Monday, July 23, 2007

Language differences (Llama)

Lately I have, once again, been attempting to learn some Thai. I've found a couple of differences between Thai and English that I find curious. Note: I'm no grammarian and even most of what I've learned from elementary school I have forgotten, so please forgive me when don't employ the proper descriptive terms.

Thais don't have a way to indicate future perfect or, it seems, future progressive. It's impossible to say that I will have done something by a certain time. The best Thai can manage is to say that I will do something at a certain time. In one conversation, this deficiency led to some stressful moments, as I attempted to explain that, though I did not know precisely when I would return from a trip, I knew it would be no later than Friday.

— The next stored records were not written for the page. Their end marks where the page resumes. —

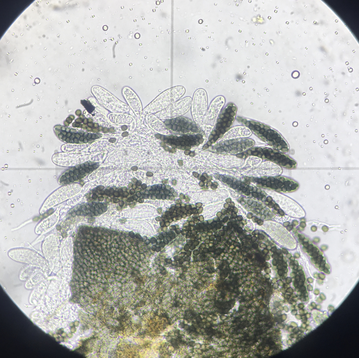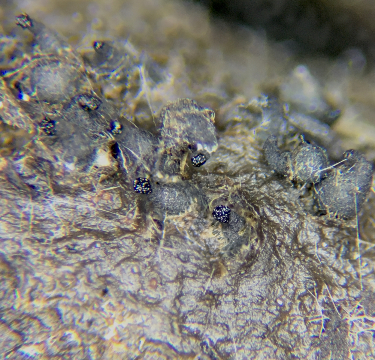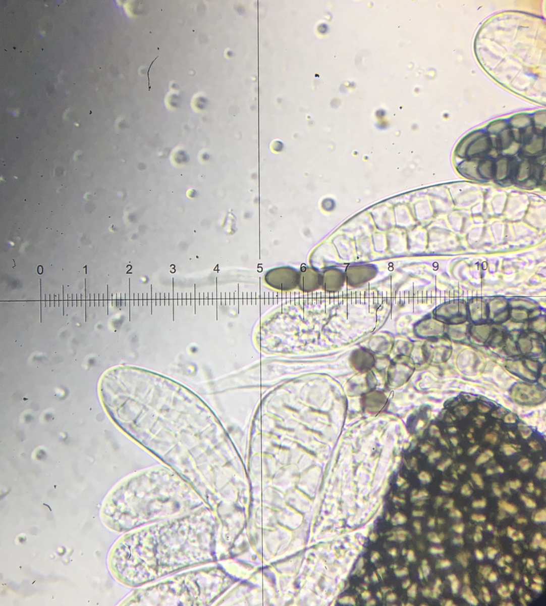 Es passt nun wirklich das meiste - Sporengröße, der Keimschlitz, daß Zellen so schnell auseinanderbrechen. Und es sieht ja auch wie weiße Haare um den Pseudothecienhals (unten noch einmal ein Bild). Das einzige was nicht passt, ist daß ich keine Haare unterm Mikroskop sehe, und ich habe es mehrfach versucht sie zu finden. Angetrocknete Asci wären da eine bessere Erklärung.
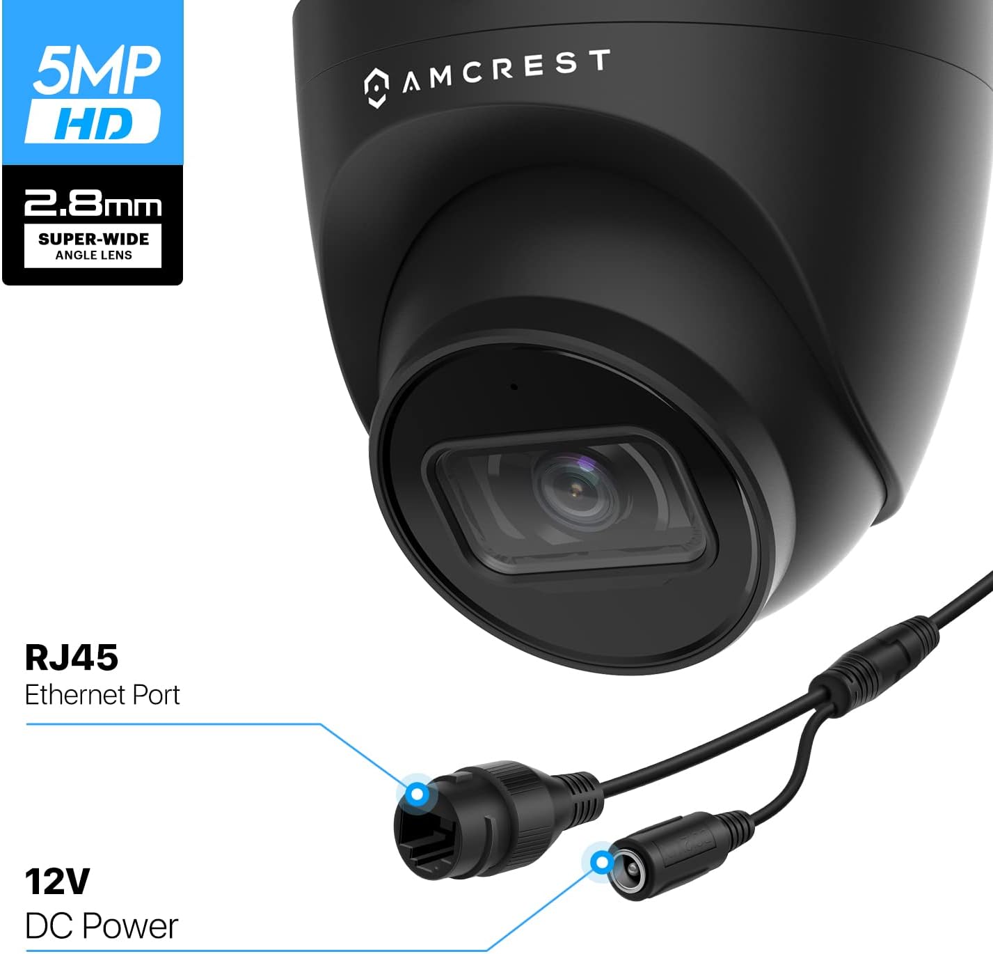 Amcrest 5MP UltraHD IP-Revolver-PoE-Kamera für den Außenbereich mit Mikrofon/Audio, 5MP, 98 Fuß NightVision, 2,8-mm-Objektiv, IP67 wetterfest, MicroSD-Aufzeichnung (256 GB) Schwarz ‎IP5M-T1179EB-28MM
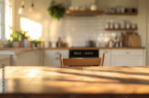 table, kitchen, wood, surface, chair, room, furniture, interior, design, home, sunlight, sun, light, shadow, natural, warm, cosy, bright, white, yellow, brown, rustic, modern, clean, minimalist, decor, decorating, style, dining, breakfast, dinner, space, house, wooden, tabletop, countertop, product, display, template, food, photo, background, kitchen utensile
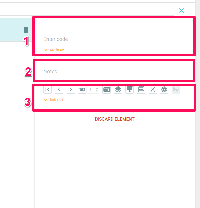 If you want to delete an item, you can either use the bin icon in the list or the “Remove element” button in the detailed view.

Thais do, however, have a way of expressing something that we can't express in English. They can take a verb such as "to go" (bai), "to love" (raak), "to eat" (gin) and "to scare" (glua) and precede it with "naa" (naa bai, naa raak, naa gin, naa glua). This new construction is an adjective that describes the potential for something. So naa rak, loosely translated, means "cute", but literally it means that something looks like it could be loved. Naa glua crudely translates to "scary", but it also means something that looks like it could be scary, even if we don't know yet if it actually is scary or not. Naa gin means that something looks appetizing. And "naa bai" can best be explained with an example of the negative... if it looks like it is going to rain, I might say "mai naa bai. fon ja dok.", which loosely means "It think it is a bad idea to go. It is going to rain."

I found it interesting, anyway :)

Thupt

1 comment:

Brien said...

Hm, the future possible. That could come in handy, like "someone that looks like she's legal." Keep So away from that one.